Hillis sat out Cleveland's third game with strep throat on the advice of his agent, Kennard McGuire. He missed several other games with a hamstring injury, and while he was rehabbing one week, Hillis left the team and missed a treatment to get married in Arkansas. There were other issues, including when Hillis skipped a Halloween charity event for kids — an absence he blamed on a miscommunication.
It was a soap opera.
And to Thomas, it never seemed to end.
"It was kind of one weird thing after another more than anything," Thomas said. "We have guys getting married during the season and it's not a big deal. When you're injured (Thomas used his fingers to make quotations in the air) and you should be getting treatment, to go do your own thing repeatedly was just disrespectful more than anything to his teammates.
"I don't think people would have acted the same way if they were in that situation."
Thomas was one of several veterans who intervened during the season and encouraged Hillis to clean up his act. Thomas said Hillis made things hard on himself, and in turn, on everyone else.
"You see a lot of guys in contract disputes, like Matt Forte," Thomas said. "His solution was 'I'm going to go out and prove they have to have me and they can't play without me.' The frustrating thing to a lot of teammates was you would try to talk to him and you try to tell him 'That's not the right way to do it if you want to get your big contract.' He just wouldn't listen to anybody.
"People who thought they were very close friends with him, he wouldn't listen to anybody. He thought he knew the right way to do it and it ended up not being the right way and hurting everybody. Not just himself. It was a tough situation."
Hillis never did get that long-term contract with the Browns, who decided to let him hit the free-agent market. He signed a one-year deal with the Chiefs during the offseason. He has rushed for 193 yards on 59 carries with one TD so far this season.
Thomas said he couldn't imagine Hillis still being around.

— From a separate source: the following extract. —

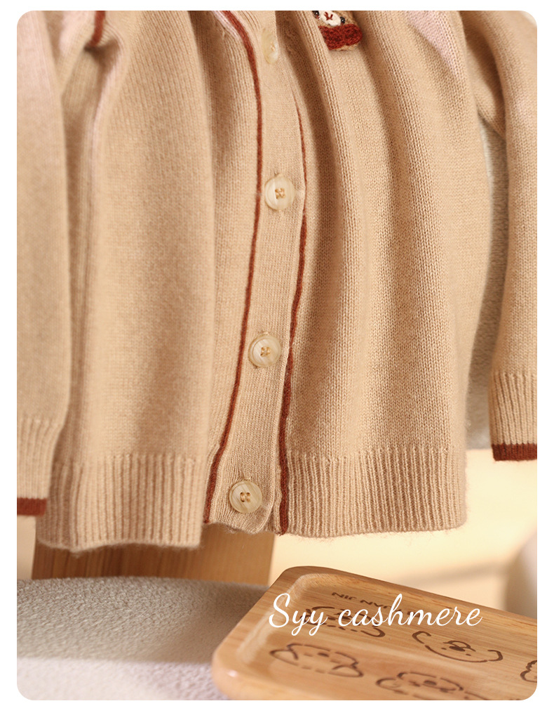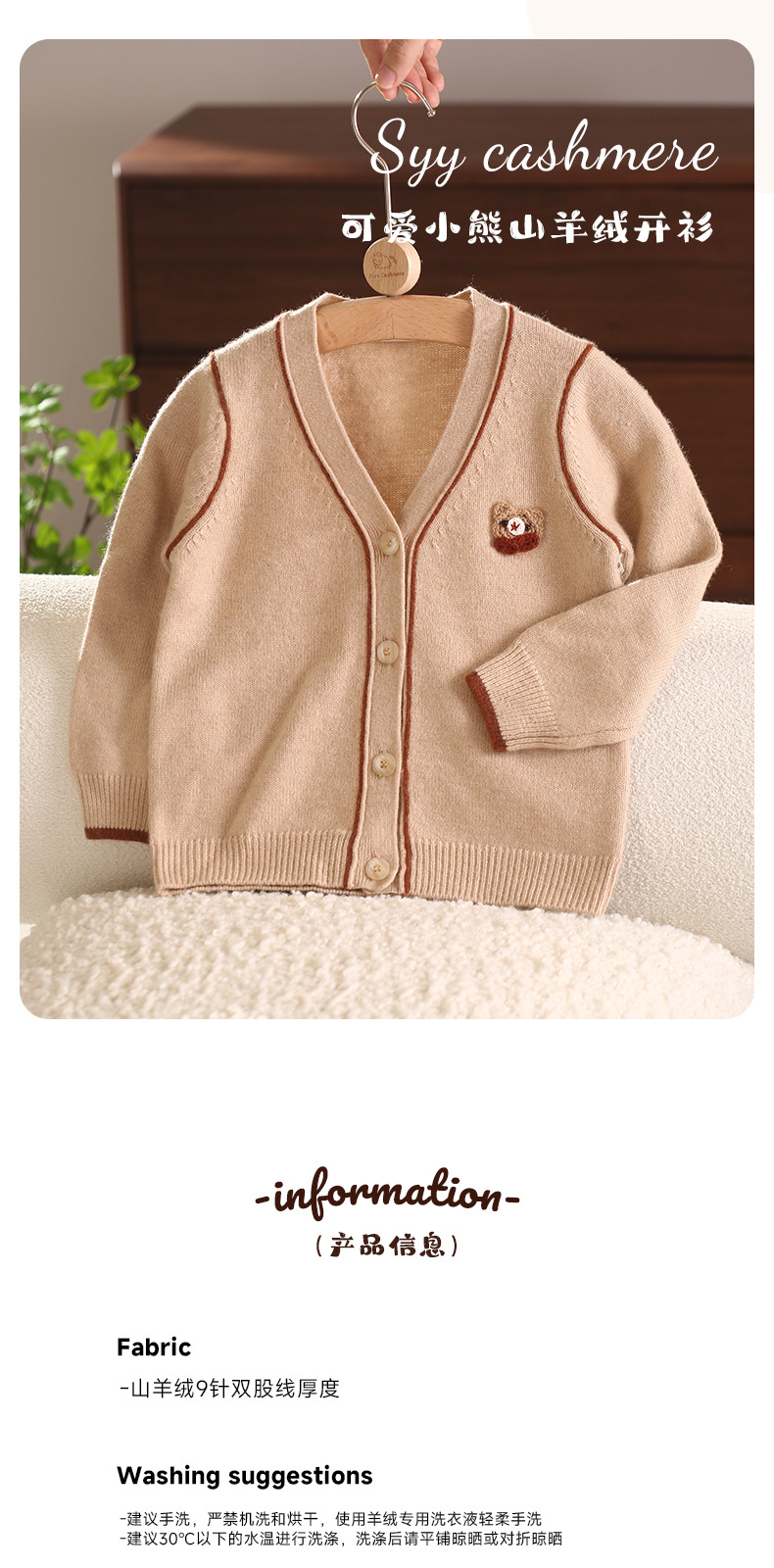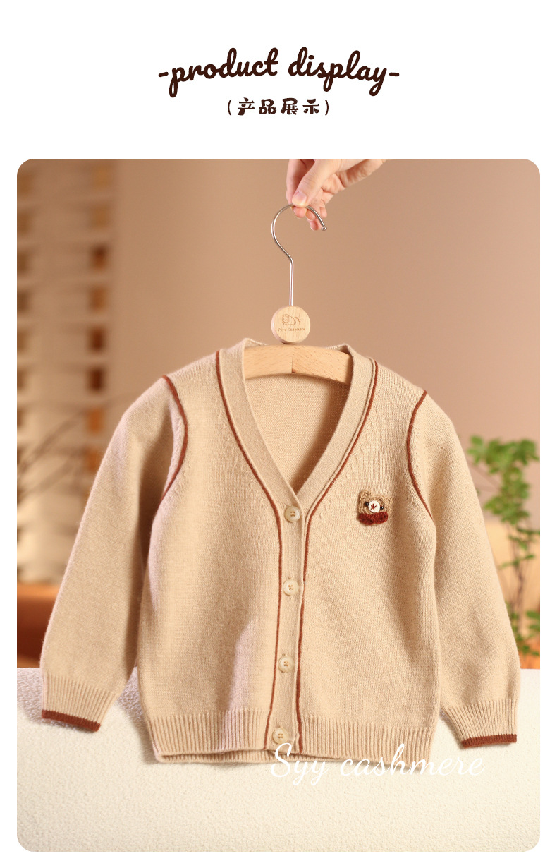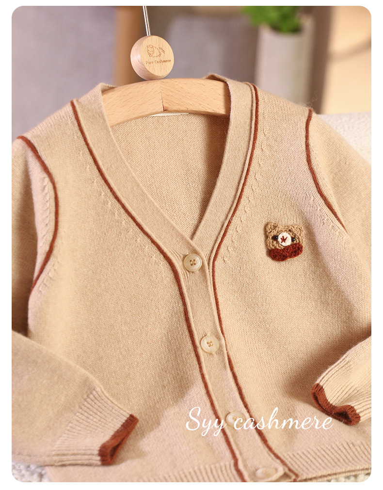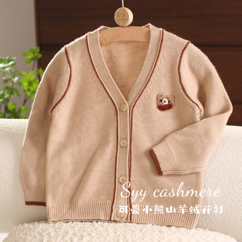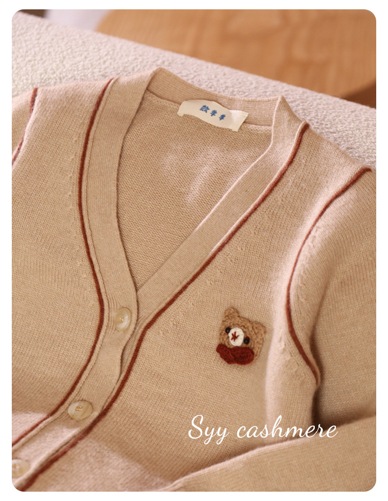 양양 수 한 세대 소년 소녀 캐시미어 V 넥 곰 자수 어린이 스웨터 코트 카디건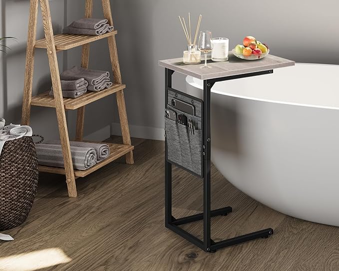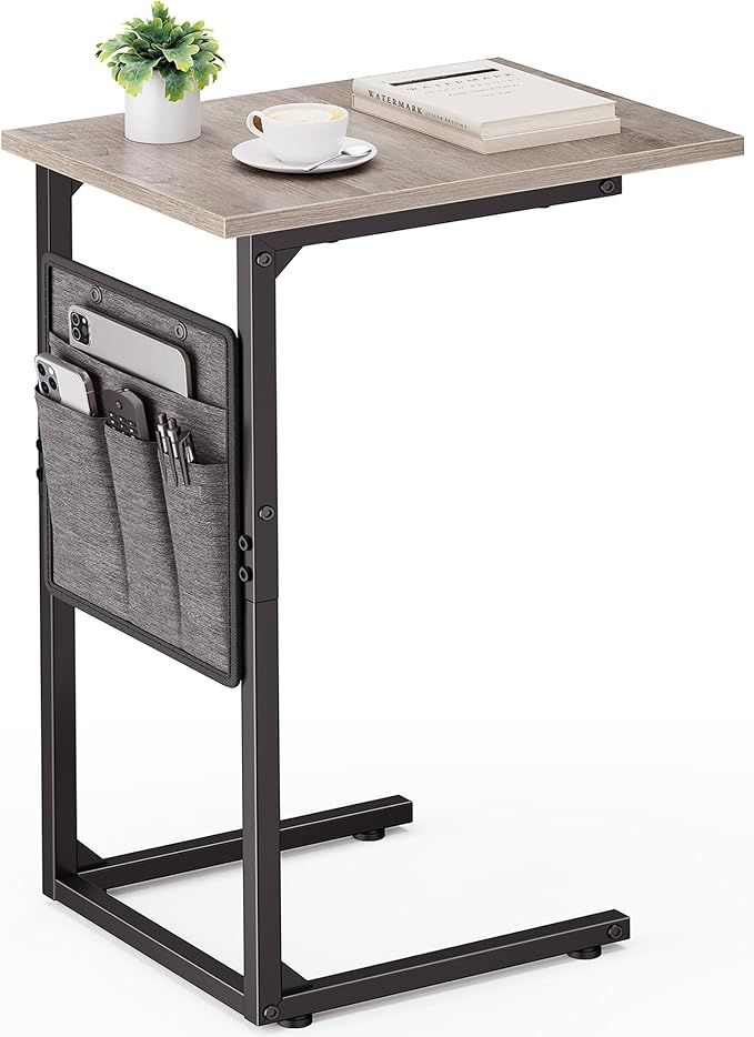 • [C Shaped Design]: The Storage Bag are designed on the left side, easier to use. Hug the side of your sofa or recliner with this C table, so you can enjoy drinks or works conveniently.

"I think it was better for both sides (he left)," Thomas said. "At that point, the situation with him here was toxic and he didn't want to be here and players didn't want him here. It was better for a fresh start."

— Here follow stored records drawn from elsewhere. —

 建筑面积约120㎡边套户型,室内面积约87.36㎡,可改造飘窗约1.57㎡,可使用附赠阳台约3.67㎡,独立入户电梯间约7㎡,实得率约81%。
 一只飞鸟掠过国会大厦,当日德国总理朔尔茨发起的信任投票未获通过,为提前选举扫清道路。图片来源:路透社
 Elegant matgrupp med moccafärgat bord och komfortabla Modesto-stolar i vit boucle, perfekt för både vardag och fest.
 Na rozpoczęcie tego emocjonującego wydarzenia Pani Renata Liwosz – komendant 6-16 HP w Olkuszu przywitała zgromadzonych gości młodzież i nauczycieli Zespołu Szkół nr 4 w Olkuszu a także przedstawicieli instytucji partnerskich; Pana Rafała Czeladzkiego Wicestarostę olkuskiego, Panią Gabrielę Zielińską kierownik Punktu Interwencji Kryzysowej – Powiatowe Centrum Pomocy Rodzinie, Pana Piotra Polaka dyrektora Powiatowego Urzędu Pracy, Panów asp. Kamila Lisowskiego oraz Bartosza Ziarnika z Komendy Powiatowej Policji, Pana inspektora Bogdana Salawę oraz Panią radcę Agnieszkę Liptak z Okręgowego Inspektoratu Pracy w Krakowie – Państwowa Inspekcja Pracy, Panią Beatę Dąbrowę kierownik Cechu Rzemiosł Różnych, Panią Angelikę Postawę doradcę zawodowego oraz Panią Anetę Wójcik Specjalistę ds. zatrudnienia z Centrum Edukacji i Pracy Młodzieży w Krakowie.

Browns coach Pat Shurmur refused to address the turbulence caused by Hillis last season.
"I'm going to talk about Peyton Hillis the 2012 version," Shurmur said. "I'd be happy to answer any questions there. No, I won't put it into words."
Hillis gained just 19 yards on 12 attempts last week when the Chiefs beat Carolina 27-21 one day after linebacker Jovan Belcher shot his girlfriend at their Kansas City home then drove with a handgun to Arrowhead Stadium, where he shot himself in front of Chiefs coach Romeo Crennel and general manager Scott Pioli.

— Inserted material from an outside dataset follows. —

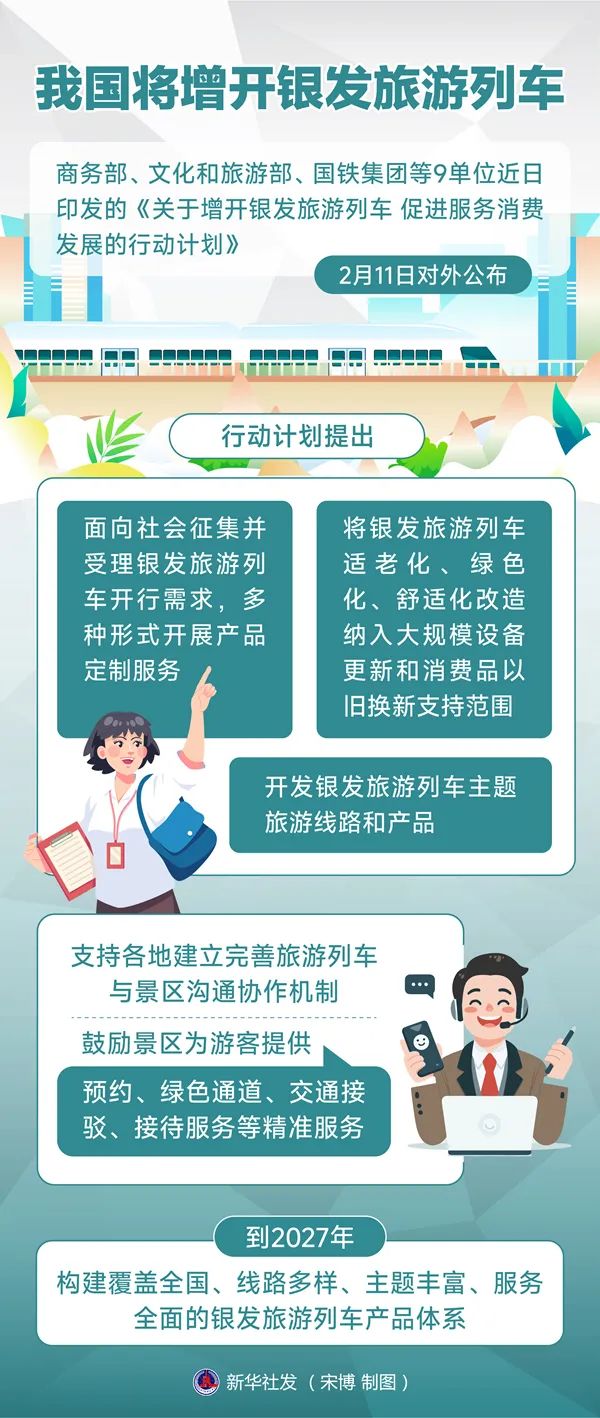 ◆ 近日,商务部等9单位发布了《关于增加银发旅游列车的发展》 11日公布了促进服务消费发展的行动计划,提出了12项具体措施,包括增加银发旅游列车服务供应和加强老化设施保障。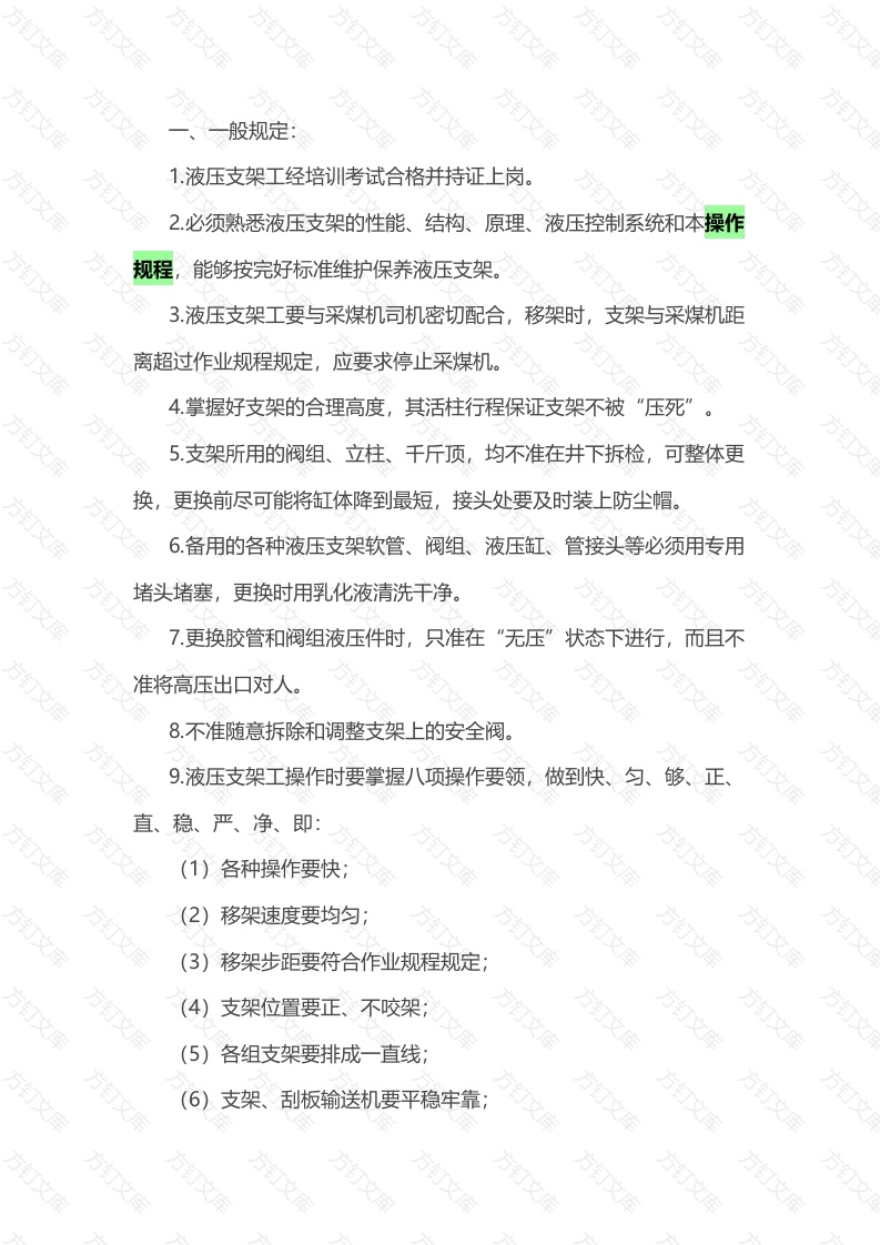 首页公共专业安全煤矿安全培训资料:液压支架操作工操作规程

Thomas was asked if Hillis might come to Cleveland looking to settle a grudge.
""He might," Thomas said. "I guess I haven't watched their offense, so I don't really know what his role is. I'm sure he'll probably want to come in here and prove they made a mistake by not re-signing him. It will be interesting to see how many opportunities they give him."
NOTES: Browns S Usama Young practiced for the first time since sustaining a concussion against Pittsburgh on Nov. 25. He missed Sunday's game at Oakland. ... Browns RB Trent Richardson said if he had a Heisman vote he would give it to Texas A&M freshman quarterback Johnny Manziel. "I like him and I like the way he plays football," said Richardson, who was on the sideline when Manziel upset Alabama, Richardson's alma mater. Richardson is also close friends with Notre Dame linebacker Manti Te'o, another Heisman finalist.